(EXERCISE): Please repeat word for word the line containing "镜面材质 | 蓝宝石水晶玻璃" and every following line up to and including the last one below, pictures excluded.

Dataset excerpts:
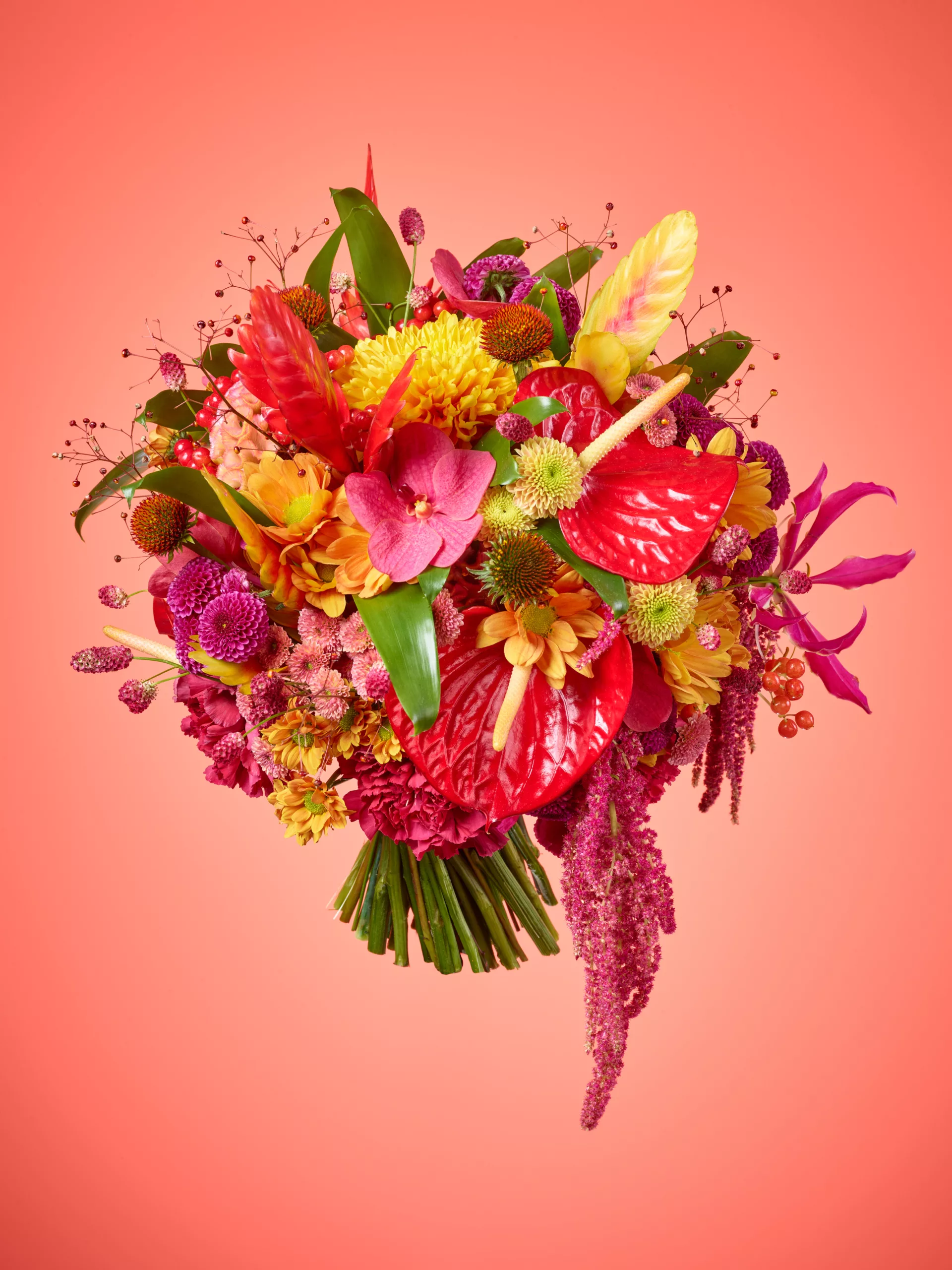 Ten intensywny, ekstrawagancki bukiet, wypełniony żywymi odcieniami czerwieni, emanuje pasją i miłością. Wydaje się być idealny dla pełnej temperamentu panny młodej, na wyjątkowe zaręczyny czy wraz z płomiennym wyznaniem uczuć. Chryzantemy, anturium, bromelie i orchidee tworzą pełny, wyrazisty look, subtelnie wzmocniony poprzez dodanie kilku eleganckich liści. Wystarczy powiedzieć „tak”.
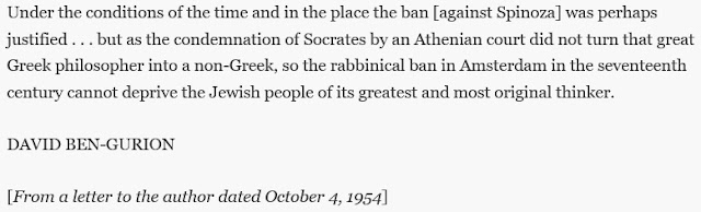 Uit een brief van David Ben Goerion, die zoals bekend groot fan was van Spinoza, kwam in het boek deze passage [gezien in questia]
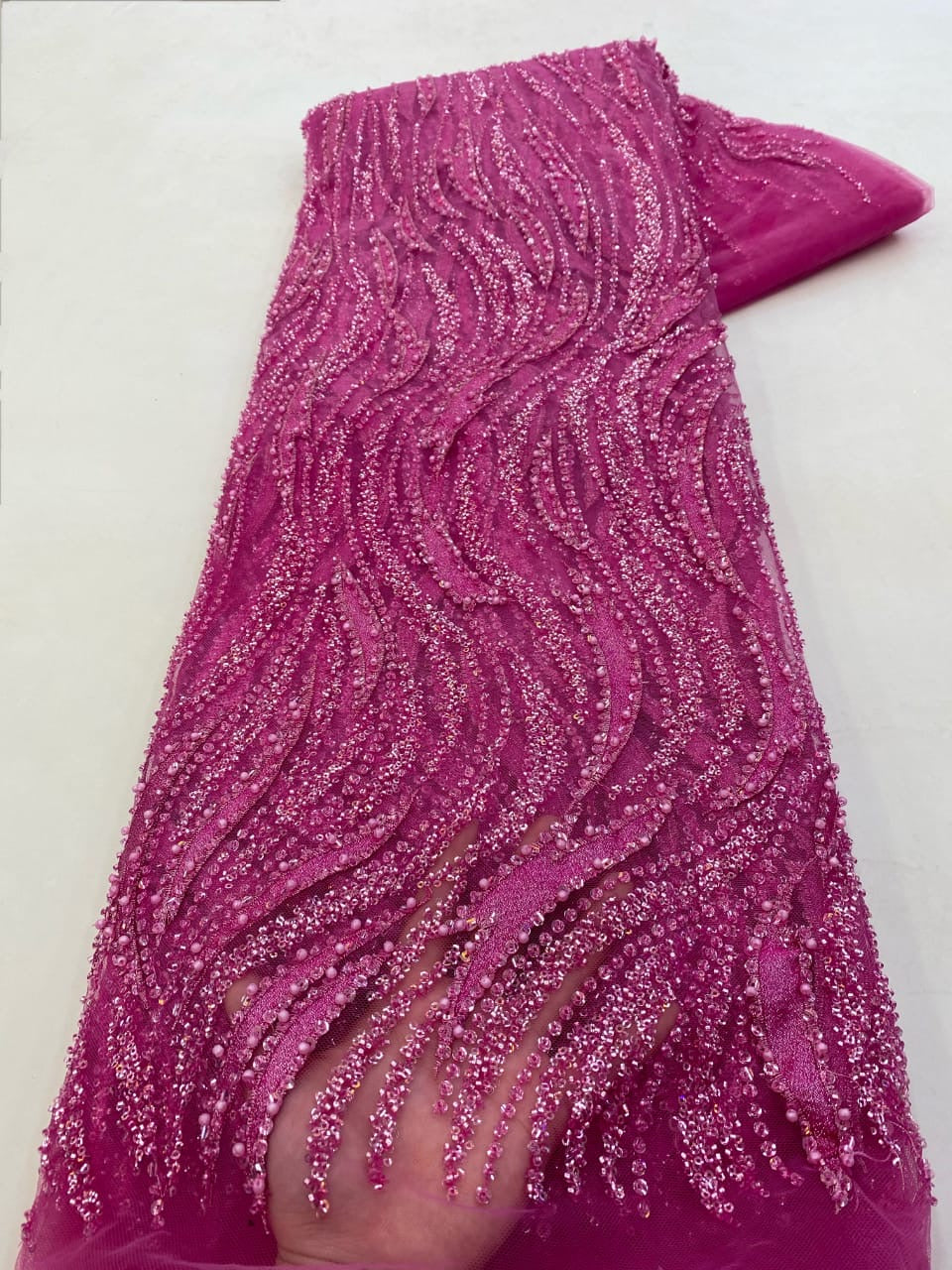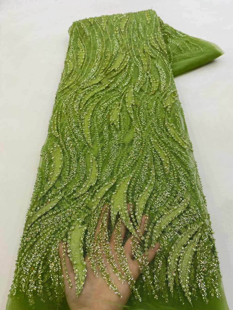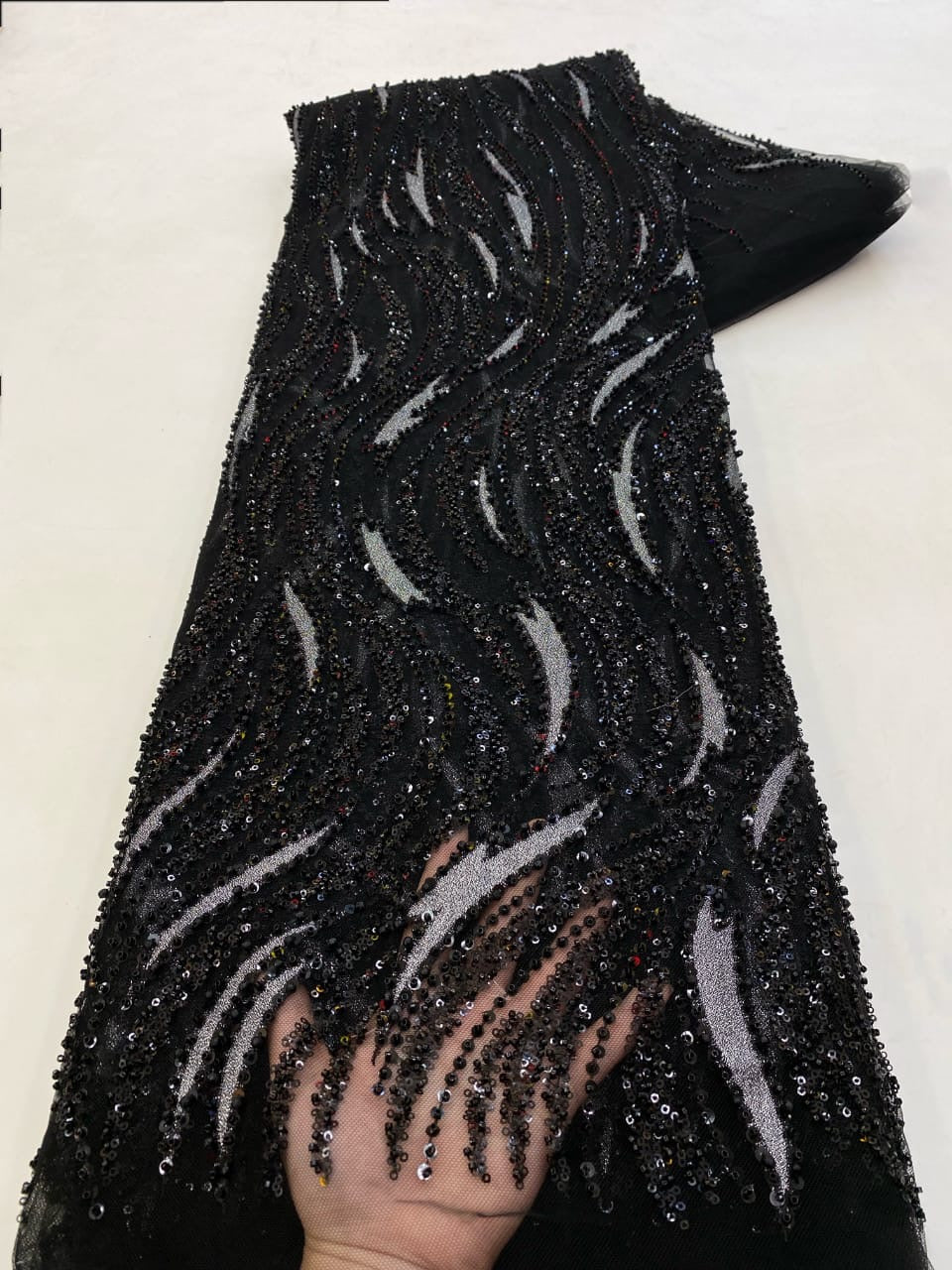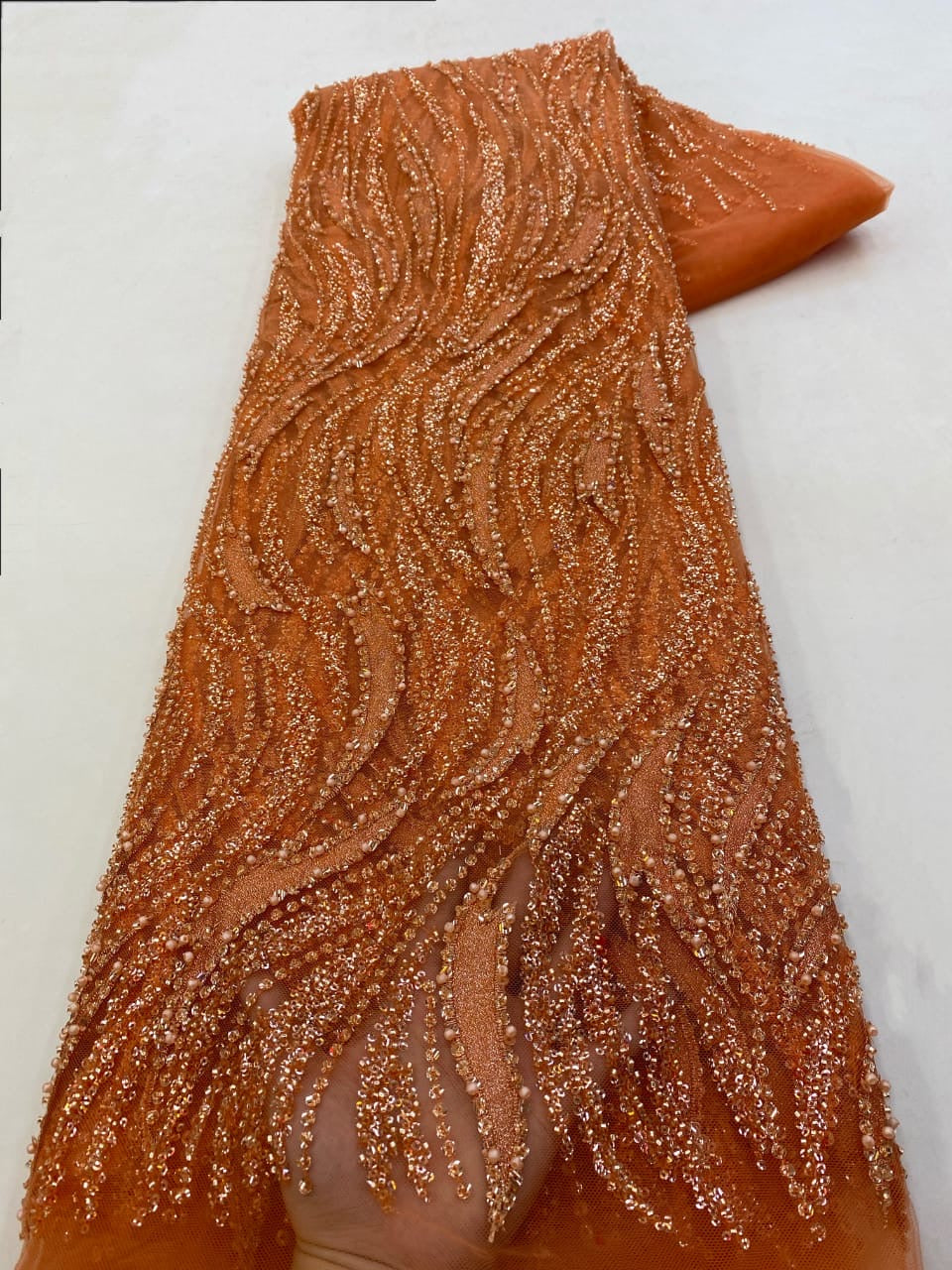 Esta tela de alta calidad se mide en 5 yardas con cuentas bordadas y lentejuelas. Es suave, muy delicado y bonito.
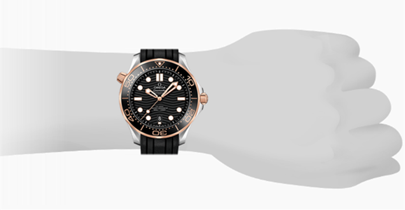 镜面材质 | 蓝宝石水晶玻璃 | 表盘 | 精钢与Sedna 18K金表壳 表圈采用黑色陶瓷,潜水刻度经 OMEGA Ceragold®技术制成。表盘亦以抛光黑色陶瓷制成,饰以激光镌刻波纹图案,6点钟位置设有日历窗口。 镂空指针和浮雕小时刻度由Sedna 18K金制成,并覆以白色Super-LumiNova夜光涂层,而排氦气阀门则以圆锥形造型呈现。 背透 |
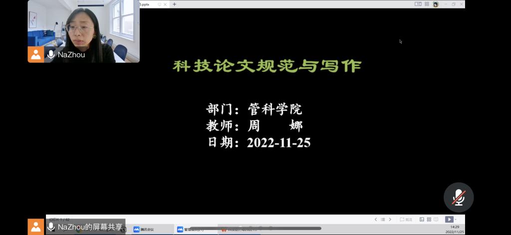 2022年11月25日,公司周娜博士通过腾讯会议做了题为“科技论文写作规范”的学术讲座。公司教师、研究生30余人参加了此次讲座。
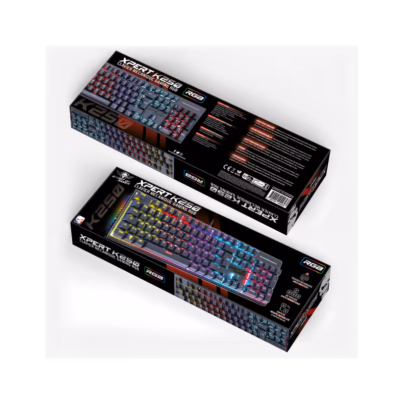 Clavier Gamer SPIRIT OF GAMER XPERT-K250 - Technologie de Connectivité Double Mode: Filaire - Interface avec l'ordinateur: USB - Type de Clavier: Mécanique Switch Rouge - Norme de clavier: AZERTY - Nombre de touches: 105 touches - Antighosting Technologie Rollover 26 touches - Rétro-éclairage RGB - Hauteur réglable en 2 positions - Longueur du câble: 1,5 métre - Dimensions: 43.4 x 12.8 x 3.2 cm - Poids: 650g - Couleur: Noir
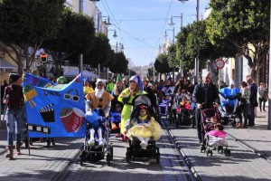 Para facilitar la participación de los escolares y el profesorado que les acompaña, y como novedad este año, el pasacalles ha pasado a celebrarse en tres zonas de la ciudad en las que los alumnos y alumnas se han concentrado para desfilar con sus disfraces y cantar las letras carnavaleras que tenían preparadas para la ocasión.

(COMPLETED EXERCISE):
 镜面材质 | 蓝宝石水晶玻璃 | 表盘 | 精钢与Sedna 18K金表壳 表圈采用黑色陶瓷,潜水刻度经 OMEGA Ceragold®技术制成。表盘亦以抛光黑色陶瓷制成,饰以激光镌刻波纹图案,6点钟位置设有日历窗口。 镂空指针和浮雕小时刻度由Sedna 18K金制成,并覆以白色Super-LumiNova夜光涂层,而排氦气阀门则以圆锥形造型呈现。 背透 |
 2022年11月25日,公司周娜博士通过腾讯会议做了题为“科技论文写作规范”的学术讲座。公司教师、研究生30余人参加了此次讲座。
 Clavier Gamer SPIRIT OF GAMER XPERT-K250 - Technologie de Connectivité Double Mode: Filaire - Interface avec l'ordinateur: USB - Type de Clavier: Mécanique Switch Rouge - Norme de clavier: AZERTY - Nombre de touches: 105 touches - Antighosting Technologie Rollover 26 touches - Rétro-éclairage RGB - Hauteur réglable en 2 positions - Longueur du câble: 1,5 métre - Dimensions: 43.4 x 12.8 x 3.2 cm - Poids: 650g - Couleur: Noir
 Para facilitar la participación de los escolares y el profesorado que les acompaña, y como novedad este año, el pasacalles ha pasado a celebrarse en tres zonas de la ciudad en las que los alumnos y alumnas se han concentrado para desfilar con sus disfraces y cantar las letras carnavaleras que tenían preparadas para la ocasión.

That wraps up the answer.